The American drummer Roger Hawkins was never a flashy performer. Playing his part on such hit records as Aretha Franklin’s I Never Loved a Man (the Way I Love You), Respect and I Say a Little Prayer, Percy Sledge’s When a Man Loves a Woman, Wilson Pickett’s Mustang Sally and the Staple Singers’ Respect Yourself, he simply found the essential groove of a song and made it stick. That instinct made Hawkins, who has died aged 75, particularly prized by singers and record producers who knew that he would find a way of making their great song even greater.

The voices on those timeless classics were those of African Americans. Hawkins was a young white man from the Deep South, as were his fellows in what became known as one of the finest rhythm sections of the 1960s and 70s, based in the small Alabama town of Muscle Shoals. But their feeling for black music was immaculate, their authenticity beyond question.

In the words of Jerry Wexler, Franklin’s producer: “White southern musicians – unlike their British counterparts, who learned the blues off records – lived the blues themselves, saw them, tasted them, were rooted in the same soil as their black teachers.”

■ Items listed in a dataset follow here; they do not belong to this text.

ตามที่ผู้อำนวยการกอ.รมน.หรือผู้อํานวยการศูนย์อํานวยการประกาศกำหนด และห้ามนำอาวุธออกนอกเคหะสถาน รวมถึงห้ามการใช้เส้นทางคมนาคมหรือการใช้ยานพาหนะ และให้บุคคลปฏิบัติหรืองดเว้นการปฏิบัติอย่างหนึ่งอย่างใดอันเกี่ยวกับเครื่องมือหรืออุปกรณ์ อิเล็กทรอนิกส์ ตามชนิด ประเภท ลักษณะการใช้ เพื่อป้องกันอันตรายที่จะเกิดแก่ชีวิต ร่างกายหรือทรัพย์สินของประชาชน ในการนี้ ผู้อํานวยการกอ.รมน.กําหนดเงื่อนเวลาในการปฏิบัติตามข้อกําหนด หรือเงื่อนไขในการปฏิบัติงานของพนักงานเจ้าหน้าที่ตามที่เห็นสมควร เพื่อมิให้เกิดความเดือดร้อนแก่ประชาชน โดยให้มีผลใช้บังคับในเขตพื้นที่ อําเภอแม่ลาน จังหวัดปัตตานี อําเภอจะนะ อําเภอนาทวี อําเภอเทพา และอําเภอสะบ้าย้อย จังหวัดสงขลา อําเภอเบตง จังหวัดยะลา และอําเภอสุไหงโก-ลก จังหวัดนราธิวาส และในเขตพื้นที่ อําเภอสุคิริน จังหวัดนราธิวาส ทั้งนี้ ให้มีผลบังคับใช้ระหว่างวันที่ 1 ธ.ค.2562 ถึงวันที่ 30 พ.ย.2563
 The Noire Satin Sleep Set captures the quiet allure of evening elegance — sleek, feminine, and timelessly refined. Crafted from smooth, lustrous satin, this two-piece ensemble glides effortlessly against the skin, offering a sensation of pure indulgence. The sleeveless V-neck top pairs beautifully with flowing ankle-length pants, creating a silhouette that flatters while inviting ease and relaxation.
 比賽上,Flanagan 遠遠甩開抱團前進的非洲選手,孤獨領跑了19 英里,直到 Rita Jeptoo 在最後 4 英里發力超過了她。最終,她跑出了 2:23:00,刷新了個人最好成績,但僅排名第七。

None of them could read music. Instead they worked out a system of numbering conventional chords, from 1 to 6, which could be applied to any key. They would experiment with a song until an arrangement emerged, featuring riffs and turnarounds that, as with the work of their counterparts at Stax in Memphis and Motown in Detroit, would often turn out to be a vital element of the record’s appeal.

Roger Hawkins, second left, on tour with Traffic in the early 1970s.
Roger Hawkins, second left, on tour with Traffic in the early 1970s. Photograph: Michael Ochs Archives/Getty Images

Hawkins’s contribution could be both subtle and indelible. At the climax of When a Man Loves a Woman (1966), he tipped Sledge’s emotion-racked voice into the final chorus with a syncopated pick-up that provided an exact parallel for the experience the singer was trying to convey.

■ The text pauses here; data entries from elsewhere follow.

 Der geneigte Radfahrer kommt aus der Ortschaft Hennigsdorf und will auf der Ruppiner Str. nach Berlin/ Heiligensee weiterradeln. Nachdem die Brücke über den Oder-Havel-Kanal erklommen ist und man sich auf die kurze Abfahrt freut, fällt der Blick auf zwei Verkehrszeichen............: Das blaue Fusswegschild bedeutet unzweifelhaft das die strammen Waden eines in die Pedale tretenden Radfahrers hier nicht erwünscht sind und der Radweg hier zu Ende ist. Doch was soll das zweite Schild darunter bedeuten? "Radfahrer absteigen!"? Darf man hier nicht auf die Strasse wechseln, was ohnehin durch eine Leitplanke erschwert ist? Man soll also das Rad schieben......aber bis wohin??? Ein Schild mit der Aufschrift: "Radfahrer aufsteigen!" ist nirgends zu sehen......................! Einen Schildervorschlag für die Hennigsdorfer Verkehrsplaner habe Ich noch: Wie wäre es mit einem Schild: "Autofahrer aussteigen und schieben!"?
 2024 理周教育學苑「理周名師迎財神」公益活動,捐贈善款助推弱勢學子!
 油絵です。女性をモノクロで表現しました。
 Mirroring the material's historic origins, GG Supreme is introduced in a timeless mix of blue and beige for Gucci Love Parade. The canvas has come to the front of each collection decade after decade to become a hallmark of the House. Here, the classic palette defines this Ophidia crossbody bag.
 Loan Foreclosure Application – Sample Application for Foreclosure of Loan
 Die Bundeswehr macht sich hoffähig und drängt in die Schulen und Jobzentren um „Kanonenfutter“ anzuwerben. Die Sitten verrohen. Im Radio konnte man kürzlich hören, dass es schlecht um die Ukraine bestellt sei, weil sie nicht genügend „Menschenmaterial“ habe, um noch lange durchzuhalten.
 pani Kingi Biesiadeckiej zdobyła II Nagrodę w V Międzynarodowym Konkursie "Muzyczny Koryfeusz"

He could drive a song like Respect (1967) with the necessary vigour, but the lightness of touch evident on I Say a Little Prayer (1968), where he cruised through the single 3/4 bar thrown into the chorus of a 4/4 song, was his creative trademark. For Respect Yourself (1971), another drummer might have come up with a funky, bottom-heavy beat. The more imaginative Hawkins devised a reggae-influenced combination of ticking hi-hat and snare-drum rimshots that gave the song an irresistible momentum.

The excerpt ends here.